Two things that are being thrown at Nehru as criticism are : his lack of emphasis on Primary education and his socialistic leanings.

First of all, we all need to remember that Nehru was not ``cut out`` to be a good administrator or economic planner. Much of his life was spent in agitating against the British Rule, which he and Gandhiji rightly thought, was an evil. Many people on Chowk may have forgotten but Nehru spent more than 5000 days of his life in British jail. That is a long time off and saps one`s energy and drive. Yet, some kind of conviction drove people like him and Gandhi on and on towards their goal of achieving independence from the British.
In an astronishing revelation that I read in ``The Freedom at midnight`` by Lapierre, Nehru actually asked Mountbatten to take over the reins of administration to bring peace to riot-stricken areas of India after the British had just transferred power to India. This was a best kept secret until Nehru died. The fact is: he did not let his inexperience or ego come in the way of his country benefitting from Mountbatten`s experience of managing agitations and riiots. As Nehru told Mountbatten that day: ``I have spent much of my life in British jail and know how to agitate but not how to manage it!``. To me, that simple honesty is hallmark of a great man.

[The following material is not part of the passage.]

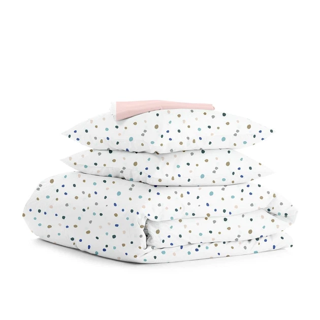 Сімейний комплект на гумці COSAS COLOR BLOTS CS4 Ранфорс 2х160х220 см Білий / Рожевий

The great thing about Nehru is: his heart was in the right place. He strove for a democratic and secular India. Today`s India cannot hope to progress if it turns its back on secularism. I see a great threat to secularism today even as India is on its path towards material progress.
Nehru was no doubt impressed with Fabian Socialism that he came across in Cambridge and other academic circles in the early part of 20th century. He was much impressed by the progress made by Soviet Union, which, by 1950s, had achieved a high standard of literacy and health. He sought to emulate that model. Hence, the hightly centralized planning.
Few could have foreseen the unintended consequences of such a rigid control system viz corruption and lack of enterprise. If at all, i will blame the leaders who followed Nehru. Once it was clear that his economic policies were a failure, leaders like Indira Gandhi and the rest should have dismantled those policies. Nehru was a Giant in his lifetime. His ideas just took that long to wither away.
How about the Primary education? Hasn`t Kerala shown us how a communist state with rigid controls can achieve high literacy thr` primary education. This happened by people`s participation. Why has Rajasthan been unable to emulate the Kerala model? or for that matter other states? Govt can fund projects but cannot compel people to participate. No doubt Nehru was wrong in not going in for Universal Primary Education right at the beginning. He probably lacked that kind of vision. But, why did the leaders who followed him not make amends.? The whole point is: in a democracy, one person should never loom over political scenario larger than life as Nehru did. Like someone said, Nehru was like that big Banyan tree under which everyone slept in comfort and few complained. If some people are complaining today, even that is due to Nehru`s legacy of democracy and free speech!

In a good article, this author compares how South Korea overtook India. Primary education was just one factor. Prudent economic policies were what made South Korea an economic giant that it is today.
Much of what South Korea did 20 years ago, India is doing today. And, we are just beginning to see its effects.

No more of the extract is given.